In the data below, begin at the line with "7. 如图,直线 $ AB" and stop after the line with "Diskret wird der"; output those lines exactly and no pictures.

[DATASET ENTRIES]

-- Opening Marker --

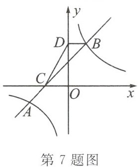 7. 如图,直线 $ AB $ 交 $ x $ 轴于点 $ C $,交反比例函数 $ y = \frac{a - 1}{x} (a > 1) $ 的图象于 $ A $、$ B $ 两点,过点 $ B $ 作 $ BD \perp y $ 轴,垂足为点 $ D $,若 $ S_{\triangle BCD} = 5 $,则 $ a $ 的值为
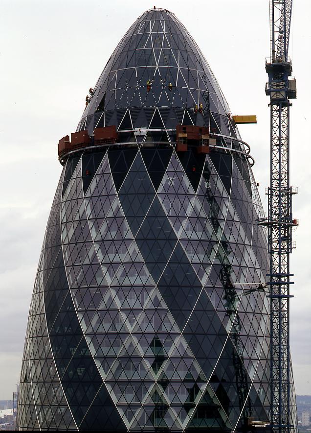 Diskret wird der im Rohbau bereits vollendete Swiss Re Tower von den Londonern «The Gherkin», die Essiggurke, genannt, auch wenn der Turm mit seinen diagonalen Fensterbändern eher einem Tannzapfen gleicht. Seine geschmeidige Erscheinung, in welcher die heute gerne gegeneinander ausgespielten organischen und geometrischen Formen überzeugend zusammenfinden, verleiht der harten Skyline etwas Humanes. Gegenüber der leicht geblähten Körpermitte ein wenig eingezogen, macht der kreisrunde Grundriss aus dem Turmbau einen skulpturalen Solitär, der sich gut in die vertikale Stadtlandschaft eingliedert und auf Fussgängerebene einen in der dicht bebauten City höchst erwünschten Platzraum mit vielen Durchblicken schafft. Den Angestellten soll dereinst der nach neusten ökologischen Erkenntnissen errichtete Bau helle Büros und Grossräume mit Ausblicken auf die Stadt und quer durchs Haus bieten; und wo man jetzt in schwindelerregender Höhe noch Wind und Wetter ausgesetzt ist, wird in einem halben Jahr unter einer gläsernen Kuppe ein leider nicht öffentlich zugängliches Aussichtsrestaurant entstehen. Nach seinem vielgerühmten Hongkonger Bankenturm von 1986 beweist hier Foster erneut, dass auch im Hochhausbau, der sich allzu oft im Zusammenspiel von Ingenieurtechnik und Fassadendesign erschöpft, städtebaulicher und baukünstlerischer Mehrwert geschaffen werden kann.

-- Closing Marker --
-- Opening Marker --

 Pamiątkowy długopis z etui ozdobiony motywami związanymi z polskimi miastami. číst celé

-- Closing Marker --
-- Opening Marker --

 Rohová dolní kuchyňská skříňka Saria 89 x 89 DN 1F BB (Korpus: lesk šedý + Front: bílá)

-- Closing Marker --

[ANSWER SPACE]
 7. 如图,直线 $ AB $ 交 $ x $ 轴于点 $ C $,交反比例函数 $ y = \frac{a - 1}{x} (a > 1) $ 的图象于 $ A $、$ B $ 两点,过点 $ B $ 作 $ BD \perp y $ 轴,垂足为点 $ D $,若 $ S_{\triangle BCD} = 5 $,则 $ a $ 的值为
 Diskret wird der im Rohbau bereits vollendete Swiss Re Tower von den Londonern «The Gherkin», die Essiggurke, genannt, auch wenn der Turm mit seinen diagonalen Fensterbändern eher einem Tannzapfen gleicht. Seine geschmeidige Erscheinung, in welcher die heute gerne gegeneinander ausgespielten organischen und geometrischen Formen überzeugend zusammenfinden, verleiht der harten Skyline etwas Humanes. Gegenüber der leicht geblähten Körpermitte ein wenig eingezogen, macht der kreisrunde Grundriss aus dem Turmbau einen skulpturalen Solitär, der sich gut in die vertikale Stadtlandschaft eingliedert und auf Fussgängerebene einen in der dicht bebauten City höchst erwünschten Platzraum mit vielen Durchblicken schafft. Den Angestellten soll dereinst der nach neusten ökologischen Erkenntnissen errichtete Bau helle Büros und Grossräume mit Ausblicken auf die Stadt und quer durchs Haus bieten; und wo man jetzt in schwindelerregender Höhe noch Wind und Wetter ausgesetzt ist, wird in einem halben Jahr unter einer gläsernen Kuppe ein leider nicht öffentlich zugängliches Aussichtsrestaurant entstehen. Nach seinem vielgerühmten Hongkonger Bankenturm von 1986 beweist hier Foster erneut, dass auch im Hochhausbau, der sich allzu oft im Zusammenspiel von Ingenieurtechnik und Fassadendesign erschöpft, städtebaulicher und baukünstlerischer Mehrwert geschaffen werden kann.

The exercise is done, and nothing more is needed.